Trigonometric Equations MCQs set 2 for NTS NAT-ICS (Computer Science Track) Mathematics — 20 solved questions.
Q1. If tan(x) = 1, then x =
Answer: π/4 + nπ
Explanation: The tangent function equals 1 at π/4 and has a period of π, so the general solution is π/4 + nπ.
Q2. The solution of cos(x) = 0 is
Answer: (2n + 1)π/2
Explanation: The cosine function equals zero at odd multiples of π/2, hence the general solution is (2n + 1)π/2.
Q3. The general solution of 2sin(x) + √3 = 0 is
Answer: nπ + (-1)^(n+1) * π/3
Explanation: First, isolate sin(x) to get sin(x) = -√3/2, then use the general solution for sin(x) = sin(α).
Q4. The general solution of the equation sin(2x) = 1/2 is
Answer: nπ/2 + (-1)^n * π/12
Explanation: Use the identity sin(2x) = sin(α), then 2x = nπ + (-1)^n * α, and solve for x.
Q5. The general solution of tan(2x) = √3 is
Answer: nπ/2 + π/3
Explanation: First, find the principal solution, then use the periodicity of the tangent function to find the general solution.
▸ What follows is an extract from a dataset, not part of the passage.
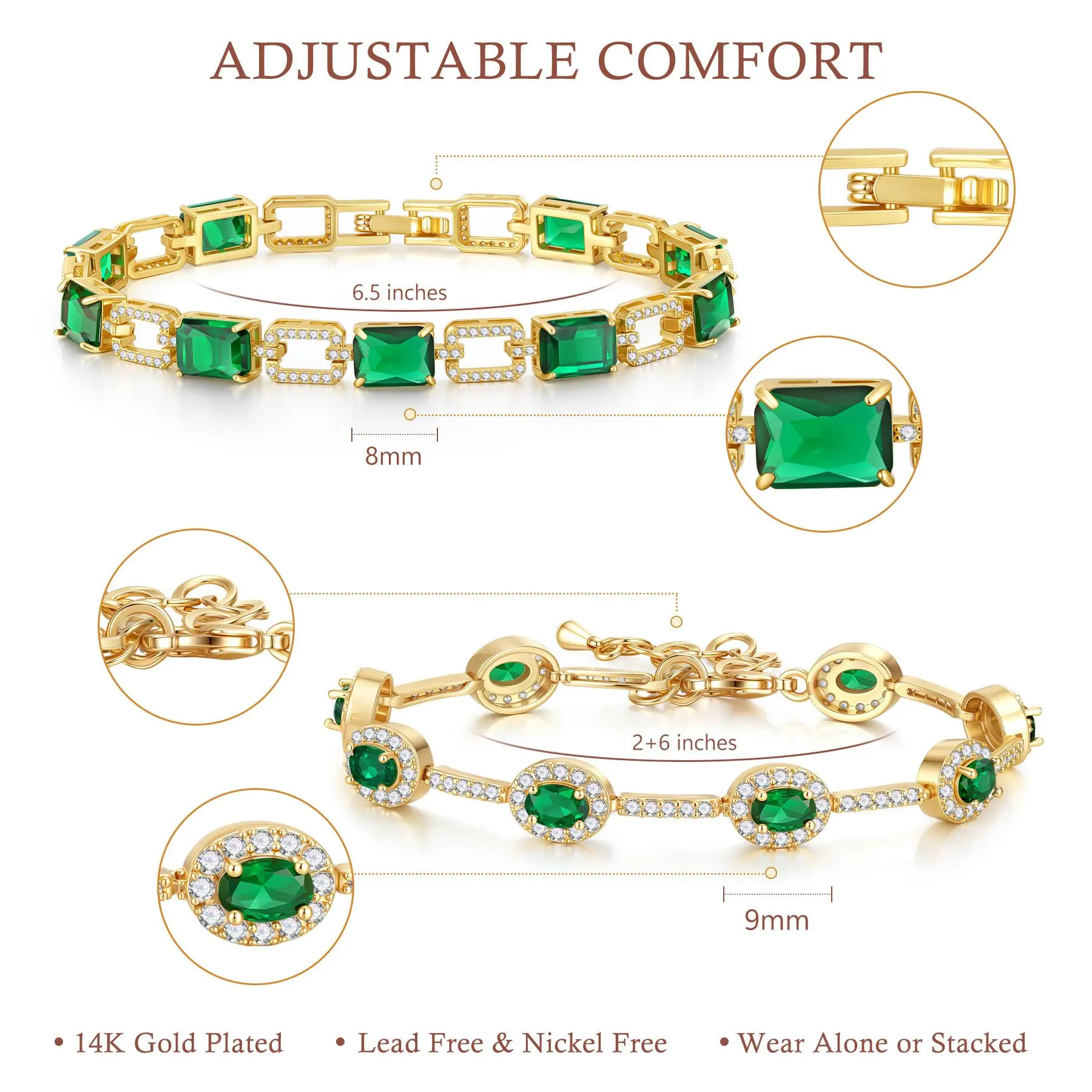 Each bracelet features 5 mm * 3 mm CZ stones that create a delicate yet eye-catching sparkle without appearing too large.

Q6. The general solution of cos(3x) = 1/2 is
Answer: 2nπ/3 ± 2π/9
Explanation: First, isolate cos(3x), then use the general solution for cos(x) = cos(α).
Q7. The general solution of 3tan²(x) - 1 = 0 is
Answer: nπ ± arctan(1/√3)
Explanation: First, solve for tan(x), then use the general solution for tan(x) = tan(α).
Q8. The solution of 2sin(x)cos(x) = 1 is
Answer: nπ/2 + (-1)^n * π/4
Explanation: Use the identity sin(2x) = 2sin(x)cos(x), then simplify and solve.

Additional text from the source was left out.